筆者の元職場である広島県の人事委員会は10月4日、県職員の月給を0.21%、期末・勤勉手当(ボーナス)を0.10カ月分それぞれ引き上げるよう湯崎英彦知事と県議会の中本隆志議長に勧告しました。 

右が広島県庁=知事・湯崎英彦さん、左の低い建物が広島県議会=議長・中本隆志さん(筆者撮影)

◆公務員がモノを言えぬことの代償措置としての人事委員会勧告

人事院/人事委員会勧告は公務員が労働基本権を制限されていることの代償措置です。

公務員労働者にも警察、消防、刑務、海保、防衛などの労働者を除き、団結権はあります。たとえば、わたしが現役の公務員時代に入っていた「自治労」、祖母が高校教師時代に支部で婦人部長をしていた「日教組」が代表例ですし、皇室労働者にも「宮内庁職員組合」があります。しかし、いずれも団体交渉権、争議権はありません。

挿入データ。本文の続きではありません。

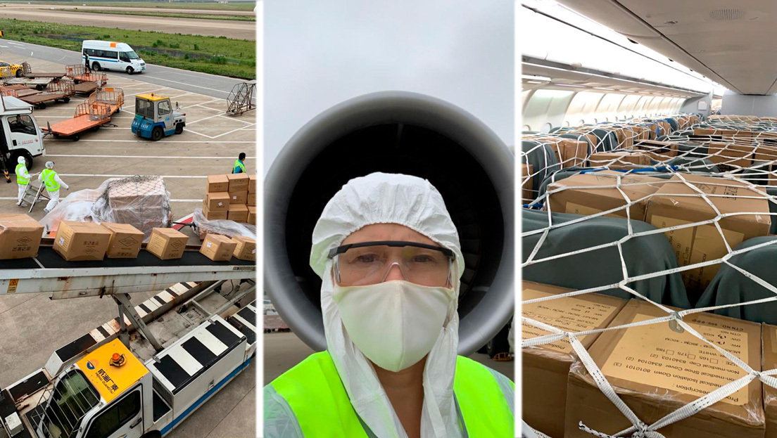 Entre los paquetes que pudo observar del viaje humanitario a Shanghái, había barbijos, mascarillas plásticas y guantes de latex descartables. La gran mayoría era solicitada por el Ministerio de Salud de la Provincia de Buenos Aires. Así, esa mercadería a bordo iba atada con redes sobre los asientos: "En lugar de pasajeros, había cajas", cuenta Silvina. Y describe: "El avión se convirtió en un carguero. Ya no hacíamos la guardia para que los viajantes estén bien, nos turnamos para observar y cuidar la carga". Esta vez, tampoco era necesario usar el típico uniforme.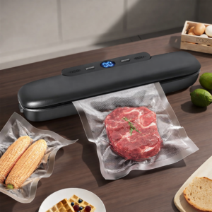 Seladora a vácuo elétrica SaengQ 220V com display digital, ideal para conservar alimentos por até 8x mais tempo. Compacta, fácil de usar e perfeita para carnes, legumes, frutas e alimentos secos. Design moderno para uso doméstico ou comercial.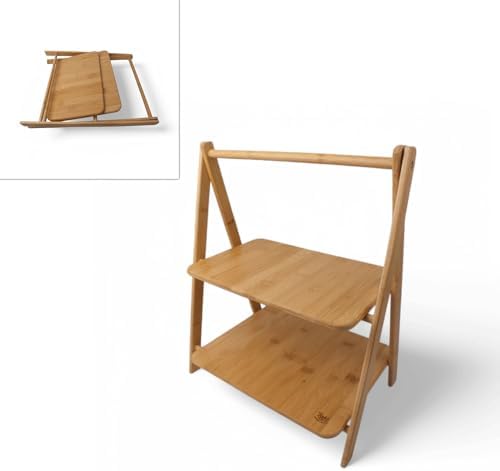 2 Katlı Dikdörtgen Bambu Servis Sunum Seti Büyük Boy, Kuru Pasta, Kurabiye ve Kek Sunumları İçin Büyük Boy (38cm-30cm-22.5cm)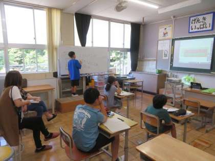 6/17 学校公開日4 公開日 2023/06/17 更新日 2023/06/17 各学年から 5・6年生 算数科の授業の様子です。5年生は「小数」の学習です。整数のときと同じように、計算のきまりを使って問題を解く方法をみんなで話し合いました。6年生は、「分数の割り算」の学習です。さまざまな問題を解くための手順を一つ一つ確認しながら解いていました。自分の考えを友達に伝えながら、対話を通して考えを深めていく様子が見られた授業でした。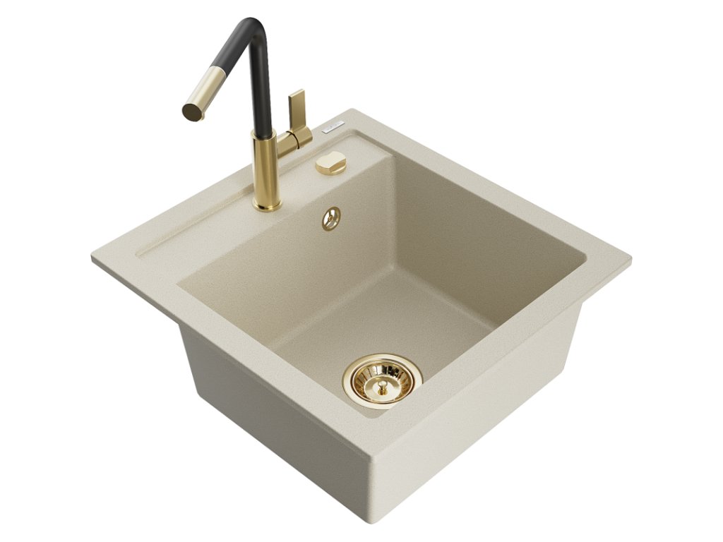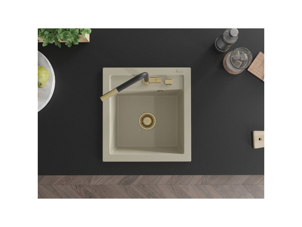 Granitový drez Mexen Vito s 1 misou a kuchynskou batériou Flora, béžový - 6503-69-670401-57-G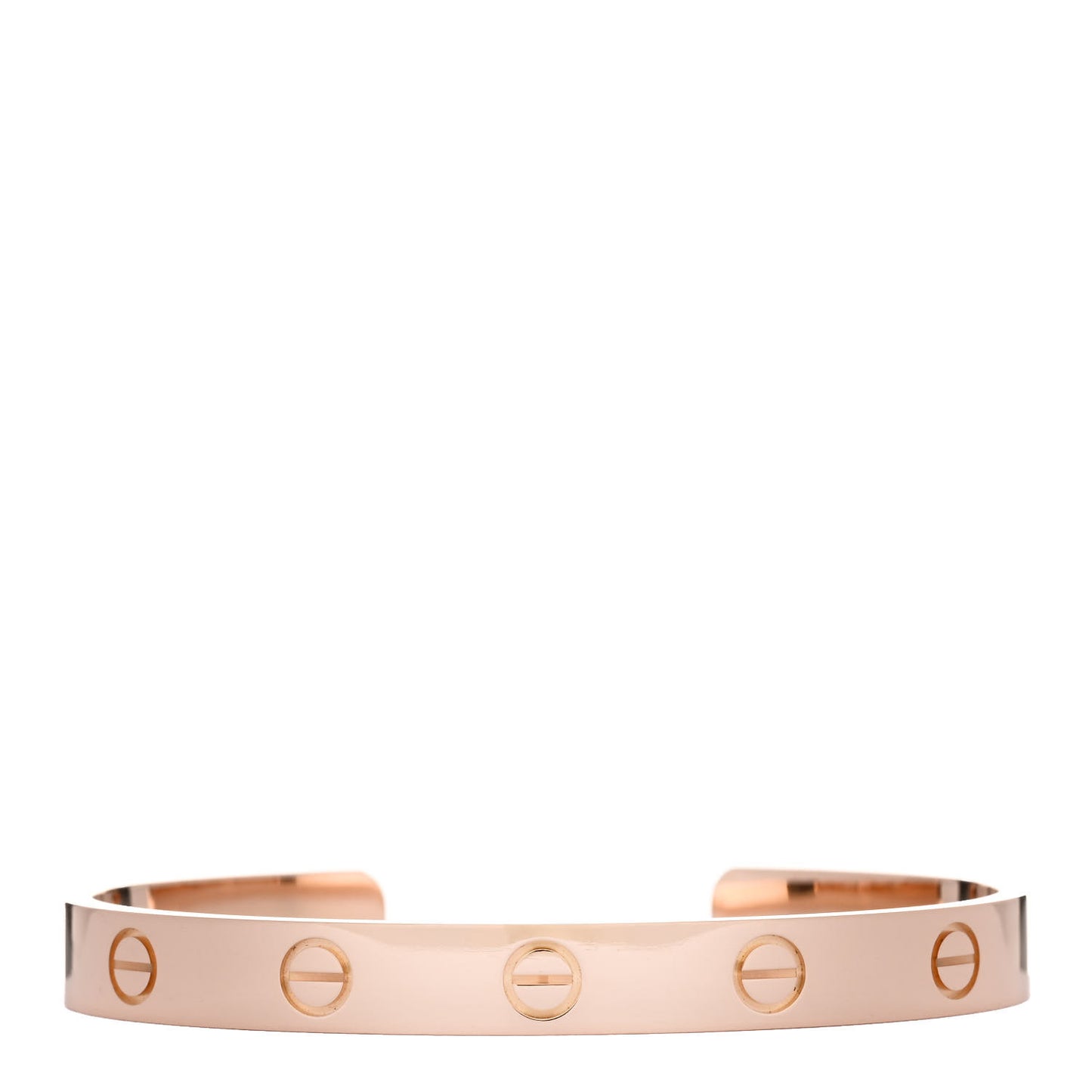 This is an authentic CARTIER 18K Pink Gold LOVE Cuff Bracelet size 16. The bracelet is crafted of 18 karat pink gold and features an open cuff with the signature LOVE screw motifs engraved throughout.Follow this item for alerts. Cartier is a registered trademark of Cartier. FASHIONPHILE is not affiliated with Cartier.

また、公務員は国家公務員法・地方公務員法に基づき政治活動が、公職選挙法に基づき選挙活動が制限されています。これにより、公務員労働者は世論に叩かれても反撃しにくいわけです。

こうしたことの代わりに、国家公務員については人事院が、地方公務員については人事委員会がそれぞれ、民間の給料を調べて勧告を出すことになっています。

実際は国の人事院が調べて夏に人事院勧告を出し、それを国が地方自治体の首長に送り、基本的に地方自治体の人事委員会もそれに沿った形の勧告を出す流れになっています。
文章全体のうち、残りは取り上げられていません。